On Strips: Size Matters

By | Friday, June 26, 2015 Leave a Comment
Here's Tina's Groove from Wednesday...
Tina's Groove
Pigeons + large umbrella = dangerous place to store food.

Exactly how funny you find that is a matter of taste, of course, but I think people can understand where Rina Piccolo was coming from even if the gag isn't quite their cup of tea. However, Piccolo noted
What's interesting to note is that she specifically cites concerns from the Comics Kingdom audience. Not her Twitter followers, not the folks hitting her website, just the ones seeing the comic on Comics Kingdom. So I clicked over to see how it was displayed there and what folks were saying. There weren't a ton of comments, but no one who did comment (besides Piccolo herself) seemed to understand it.

But there's a difference in how the comic is displayed. It's notably smaller on Comics Kingdom than elsewhere. You can click to get an enlarged version of the strip, but since you can read the text and identify the figures at the smaller size, I can see why a lot of people wouldn't bother. So my guess is that, in the smaller size version, it's too difficult to "read" the kebab fixings as kebab fixings thus preventing viewers from getting the joke.

That's a challenge of newspaper strip artists. Their art can and is viewed at a wide variety of sizes and formats. The illustration has to be simple enough to read in black and white at the small size many newspapers print them at, but it also has to be adaptable to color, and not so simple that it looks stark and empty on a large desktop monitor. Not to mention all sorts of permeations in between, including smart phones, email inboxes, feed readers, and the syndicate's site itself. Although it would seem to fly in the face of common sense, webcomikers actually have MORE control over how people read their comics and at what size(s). Their work might cross any number of digital platforms and venues, but it's still all digital, whereas newspaper strips also have to contend with print versions that are subject to the layouts and placements of hundreds of individual editors. Many of which, I might add, likely operate with a nagging fear that their employer (and, by extension, their own job) will become obsolete soon.

My point is that newspaper cartoonists have a more difficult time than they used to.
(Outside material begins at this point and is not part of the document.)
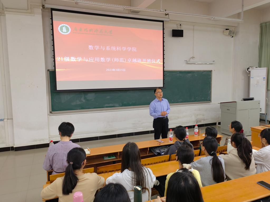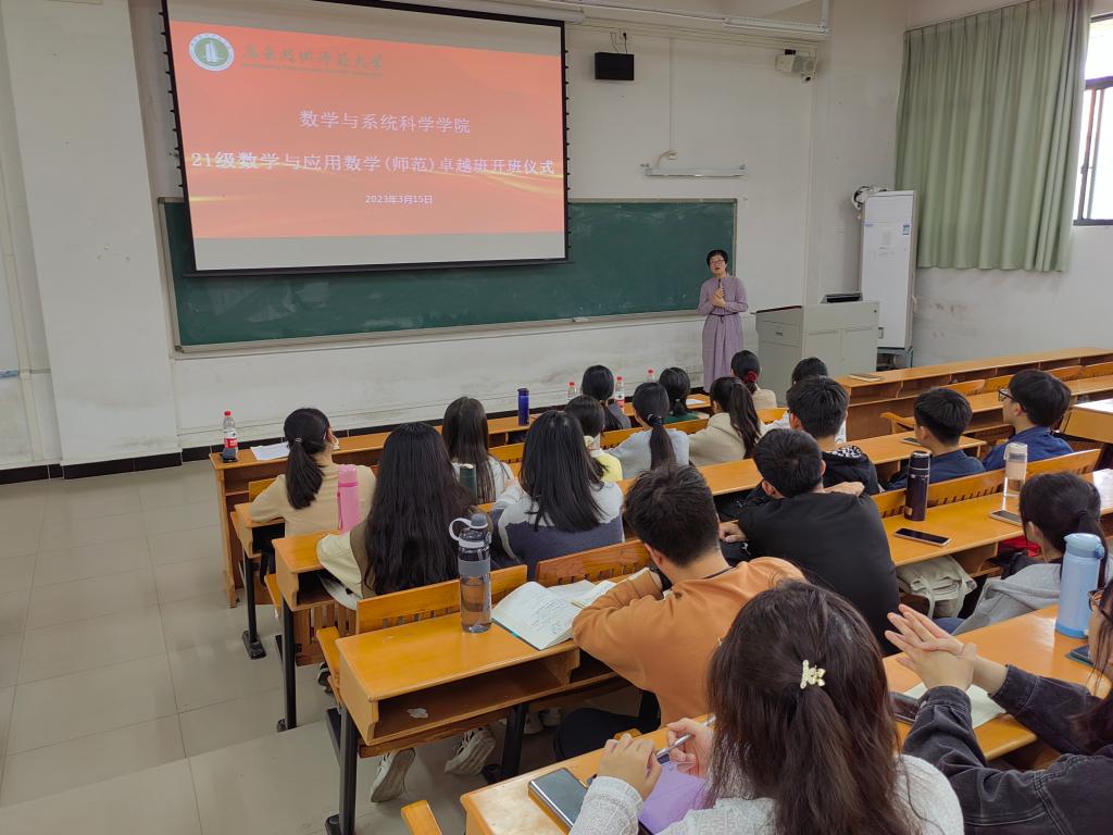 数学与系统科学学院2021级数学与应用数学(师范)卓越教师班(以下简称2021级数师卓越班)于3月15日在白云校区三教108教室举行开班仪式。数学与系统科学学院党委书记白雪飞、副书记许国良、副院长陈月红、数学系副主任王燕、2020级卓越班班主任付辉及2021级数师卓越班全体同学出席了本次仪式。

There were long-running complaints that the size that comics were printed at was shrinking, frequently leaving room for little more than talking heads. Which is still the case. But now they ALSO have to be rendered at a larger size that can fill up a computer screen and not get lost in a sea of banner ads, social media icons, and the like. Inevitably, you're going to wind up with some jokes that simply do not read well at one end of the spectrum or the other.